Nine Months 1999 vs. Nine Months 1998
Noninterest expenses for the first nine months of 1999 were
$ 2,206,000, an increase of $ 90,000, or 4.3%, from the $ 2,116,000 for
the first nine months of 1998. Salaries and employee related expenses
were up $ 22,000, or 2.3% due to merit pay increases offset by staff
turnover. Fixed asset expenses increased $ 31,000, or 7.4%, primarily
due to increased equipment and building maintenance costs and
depreciation. Other noninterest expenses increased $ 37,000, or 5.1%
compared with the first nine months of 1998 due to increases in
contributions, printing and supplies, Pennsylvania shares tax and other
overhead expenses.
Page 13 of 19 pages
INCOME TAXES
The income tax provision for the third quarter of 1999 was
$ 96,000 compared to $ 120,000 for the third quarter of 1998. The
effective income tax rate for the first nine months of 1999 was 21.3%
compared to 22.8% for the same period in 1998.
PROVISION FOR LOAN LOSSES
A $ 180,000 provision for loan losses was made for the first
nine months of 1999 compared to $ 185,000 for the first nine months of
1998. The provisions were based on management's evaluation of the
reserve for possible loan losses at September 30, 1999 and 1998.
A summary of the allowance for loan losses is as follows:
ANALYSIS OF ALLOWANCE FOR LOAN LOSSES
(In 000's)
September 30, 1999 September 30, 1998
Allowance for loan losses
Beginning of period $ 580 $ 487
Loans charged-off during the period:
Real estate loans 0 0
Installment loans 25 15
Commercial and all other loans 13 53
Total charge-offs 38 68
Recoveries of loans previously
charged-off:
Real estate loans 0 0
Installment loans 7 6
Commercial and all other
loans 61 8
Total recoveries 68 14
Net loans (charged-off) received 30 ( 54)

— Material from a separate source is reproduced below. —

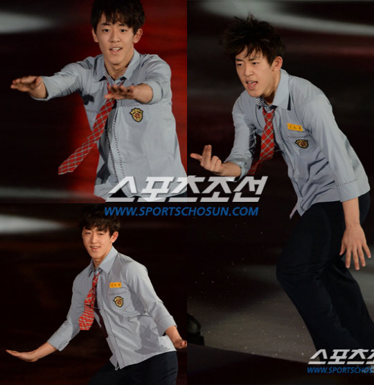 6일 서울 송파구 올림픽공원 체조경기장에서 열린 김연아 아이스쇼 '올댓스케이트 2014' 무대에서는 김진서가 엑소의 히트곡 '으르렁'에 맞춰 화려한 연기를 뽐냈다.
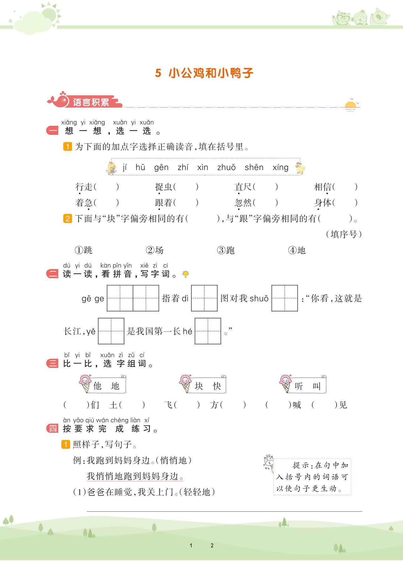 2021下册一年级语文人教版 第三单元 课文——5 小公鸡和小鸭子

Provision for loan losses charged to
operations 180 185
Allowance for loan losses - end of
period $ 790 $ 618
The loan loss reserve at September 30, 1999 was $ 790,000
compared to $ 580,000 at December 31, 1998 and is considered adequate,
in management's judgment, to absorb reasonably estimated loan losses
inherent in the Bank's loan portfolio.
Page 14 of 19 pages
Loans 90 days or more past due (still accruing interest) and
those on nonaccrual status were as follows at September 30:
NONPERFORMING LOANS
(In 000's)
90 Days or More
Past Due Nonaccrual Status
1999 1998 1999 1998
Real estate loans $ 785 $ 459 $ 0 $ 0
Installment loans 7 0 0 0
Demand and time loans 4 0 0 13
Total loans $ 796 $ 459 $ 0 $ 13
There were no restructured loans for any of the time periods set
forth above.
FINANCIAL CONDITION
ASSETS
Total assets at September 30, 1999 were $ 125,697, a 5.1%
increase from $ 119,649,000 at December 31, 1998. Net loans at
September 30, 1999 totaled $ 89,839,000, an increase of $ 9,625,000, or
12.0% over the $ 80,214,000 at December 31, 1998. Management intends
to maintain steady growth and concentrate on maintaining adequate
profit margins.
LIABILITIES
Total deposits decreased 0.3% to $ 99,045,000 at September 30,
1999 compared to $ 99,341,000 at December 31, 1998. Noninterest-
bearing demand deposits decreased 1.8%. Savings deposits decreased
5.7%, while time deposits increased 3.0%.
CAPITAL
Total equity at September 30, 1999 was $ 12,851,000 representing
10.2% of total assets, an increase of $ 372,000 from the $ 12,479,000
at December 31, 1998. Accumulated earnings for the first nine months
of 1999 were partially offset by dividends declared and paid of
$ 268,000 and a $ 475,000 decrease in net unrealized gains on
available-for-sale securities (net of deferred tax). It is the
intention of management and the Board of Directors to continue to pay a
fair return on the stockholders' investment while retaining adequate
earnings to allow for continued growth.
Page 15 of 19 pages
REGULATORY CAPITAL
The company maintains ratios that are well above the minimum
total capital levels required by federal regulatory authorities,
including risk-based capital guidelines. A comparison of Fulton
Bancshares Corporation's capital ratios to regulatory minimum
requirements at September 30, 1999 is as follows:
Fulton Bancshares Regulatory Minimum
Corporation Requirements
Leverage ratio 10.6% 4%
Risk based capital ratios:
Tier I (core capital) 15.0% 4%
Combined tier I and tier
II (core capital plus
allowance for loan losses) 15.9% 8%
BALANCE SHEET ANALYSIS
The following table highlights the changes in the balance sheet.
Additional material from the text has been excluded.